TO DO:
Output the whole listing exactly, with no pictures.

SOURCE MATERIAL:
= Beginning of Section =

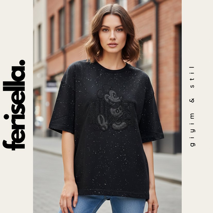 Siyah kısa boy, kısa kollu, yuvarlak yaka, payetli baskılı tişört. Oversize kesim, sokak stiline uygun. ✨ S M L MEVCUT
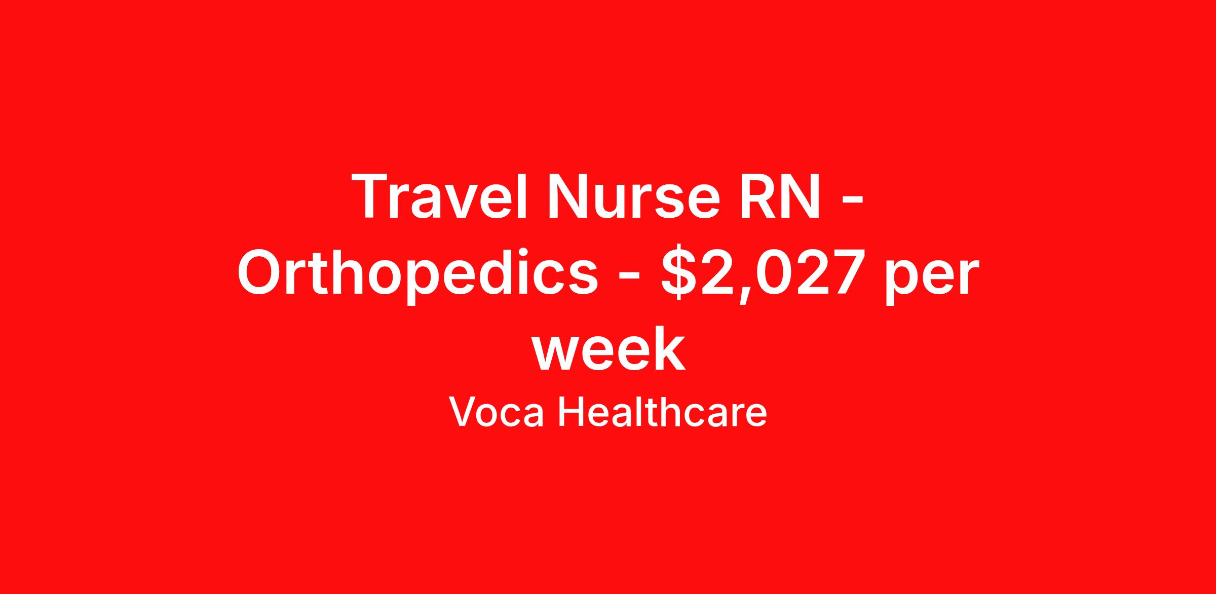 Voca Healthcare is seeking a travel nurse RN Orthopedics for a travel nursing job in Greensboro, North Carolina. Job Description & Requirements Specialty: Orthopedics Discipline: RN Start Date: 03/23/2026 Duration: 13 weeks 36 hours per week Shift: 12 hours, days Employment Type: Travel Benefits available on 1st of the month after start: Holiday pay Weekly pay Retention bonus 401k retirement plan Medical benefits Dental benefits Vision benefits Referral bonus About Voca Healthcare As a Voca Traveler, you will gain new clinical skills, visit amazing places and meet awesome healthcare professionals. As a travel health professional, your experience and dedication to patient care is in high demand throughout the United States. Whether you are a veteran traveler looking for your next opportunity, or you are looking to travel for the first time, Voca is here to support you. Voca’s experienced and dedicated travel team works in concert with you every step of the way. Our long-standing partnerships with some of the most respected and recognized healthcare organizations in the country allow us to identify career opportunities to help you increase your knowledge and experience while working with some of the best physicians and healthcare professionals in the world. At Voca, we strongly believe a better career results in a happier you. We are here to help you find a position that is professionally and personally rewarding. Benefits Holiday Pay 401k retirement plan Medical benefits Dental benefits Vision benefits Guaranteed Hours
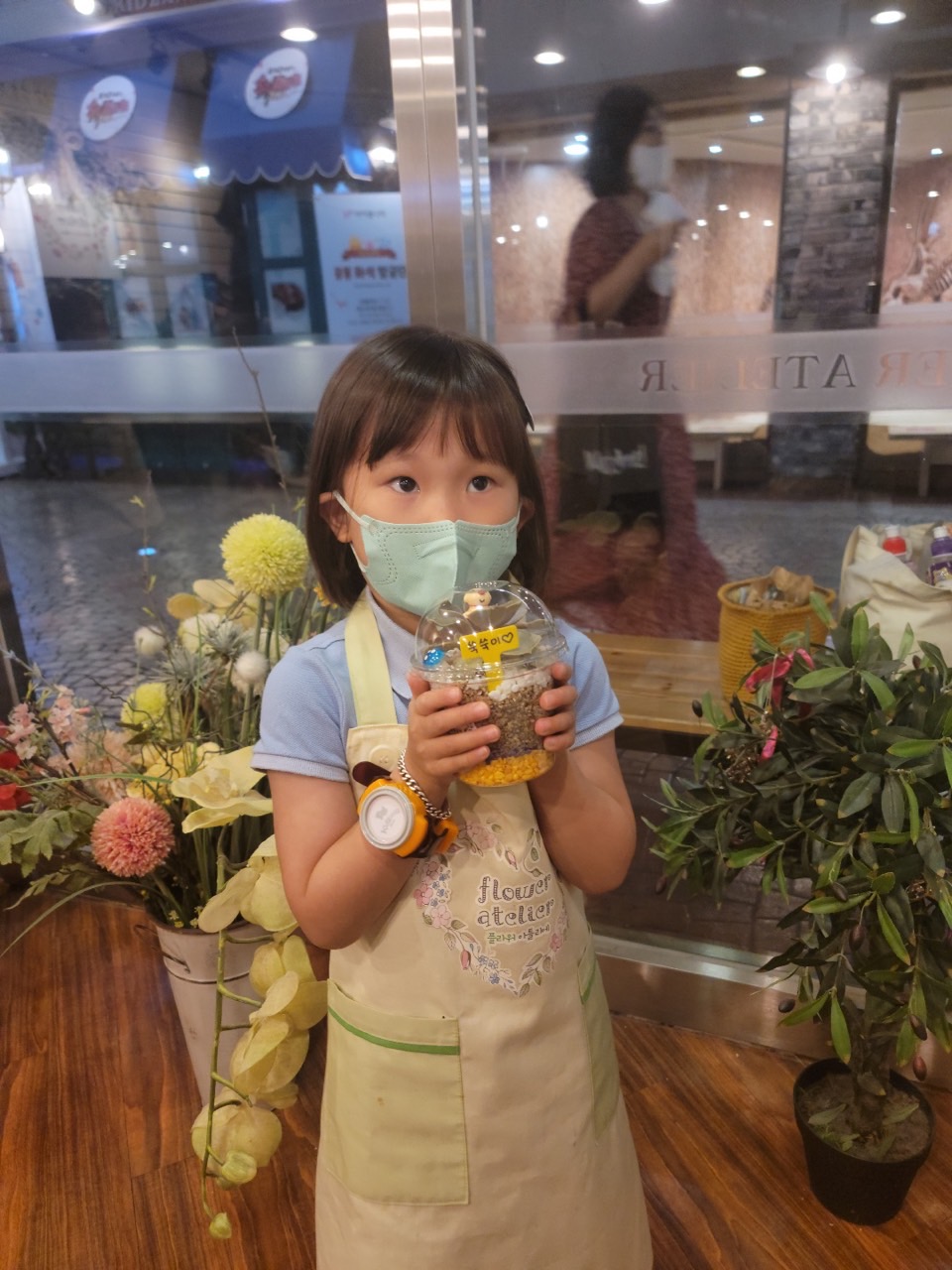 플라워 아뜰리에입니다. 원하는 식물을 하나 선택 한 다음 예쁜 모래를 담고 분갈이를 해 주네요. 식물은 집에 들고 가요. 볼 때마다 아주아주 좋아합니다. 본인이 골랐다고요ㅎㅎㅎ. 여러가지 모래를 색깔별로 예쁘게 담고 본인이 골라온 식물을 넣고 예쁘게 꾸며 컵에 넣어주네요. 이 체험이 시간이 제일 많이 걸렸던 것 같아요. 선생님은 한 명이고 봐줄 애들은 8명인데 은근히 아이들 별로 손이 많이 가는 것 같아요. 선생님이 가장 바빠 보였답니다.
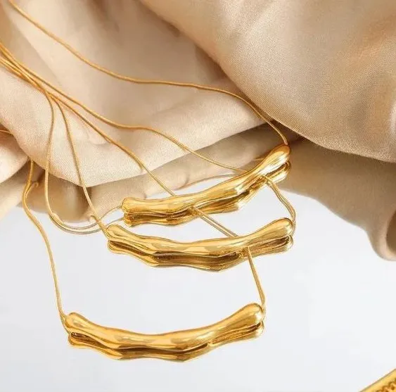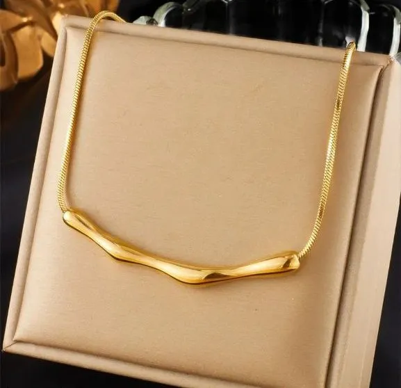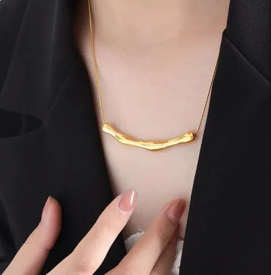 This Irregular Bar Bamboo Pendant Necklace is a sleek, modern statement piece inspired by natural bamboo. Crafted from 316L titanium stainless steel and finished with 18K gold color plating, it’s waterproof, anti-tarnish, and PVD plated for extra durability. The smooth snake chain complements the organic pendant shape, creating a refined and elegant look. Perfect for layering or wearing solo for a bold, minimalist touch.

= End of Section =

ANSWER AREA:
 Siyah kısa boy, kısa kollu, yuvarlak yaka, payetli baskılı tişört. Oversize kesim, sokak stiline uygun. ✨ S M L MEVCUT
 Voca Healthcare is seeking a travel nurse RN Orthopedics for a travel nursing job in Greensboro, North Carolina. Job Description & Requirements Specialty: Orthopedics Discipline: RN Start Date: 03/23/2026 Duration: 13 weeks 36 hours per week Shift: 12 hours, days Employment Type: Travel Benefits available on 1st of the month after start: Holiday pay Weekly pay Retention bonus 401k retirement plan Medical benefits Dental benefits Vision benefits Referral bonus About Voca Healthcare As a Voca Traveler, you will gain new clinical skills, visit amazing places and meet awesome healthcare professionals. As a travel health professional, your experience and dedication to patient care is in high demand throughout the United States. Whether you are a veteran traveler looking for your next opportunity, or you are looking to travel for the first time, Voca is here to support you. Voca’s experienced and dedicated travel team works in concert with you every step of the way. Our long-standing partnerships with some of the most respected and recognized healthcare organizations in the country allow us to identify career opportunities to help you increase your knowledge and experience while working with some of the best physicians and healthcare professionals in the world. At Voca, we strongly believe a better career results in a happier you. We are here to help you find a position that is professionally and personally rewarding. Benefits Holiday Pay 401k retirement plan Medical benefits Dental benefits Vision benefits Guaranteed Hours
 플라워 아뜰리에입니다. 원하는 식물을 하나 선택 한 다음 예쁜 모래를 담고 분갈이를 해 주네요. 식물은 집에 들고 가요. 볼 때마다 아주아주 좋아합니다. 본인이 골랐다고요ㅎㅎㅎ. 여러가지 모래를 색깔별로 예쁘게 담고 본인이 골라온 식물을 넣고 예쁘게 꾸며 컵에 넣어주네요. 이 체험이 시간이 제일 많이 걸렸던 것 같아요. 선생님은 한 명이고 봐줄 애들은 8명인데 은근히 아이들 별로 손이 많이 가는 것 같아요. 선생님이 가장 바빠 보였답니다.
 This Irregular Bar Bamboo Pendant Necklace is a sleek, modern statement piece inspired by natural bamboo. Crafted from 316L titanium stainless steel and finished with 18K gold color plating, it’s waterproof, anti-tarnish, and PVD plated for extra durability. The smooth snake chain complements the organic pendant shape, creating a refined and elegant look. Perfect for layering or wearing solo for a bold, minimalist touch.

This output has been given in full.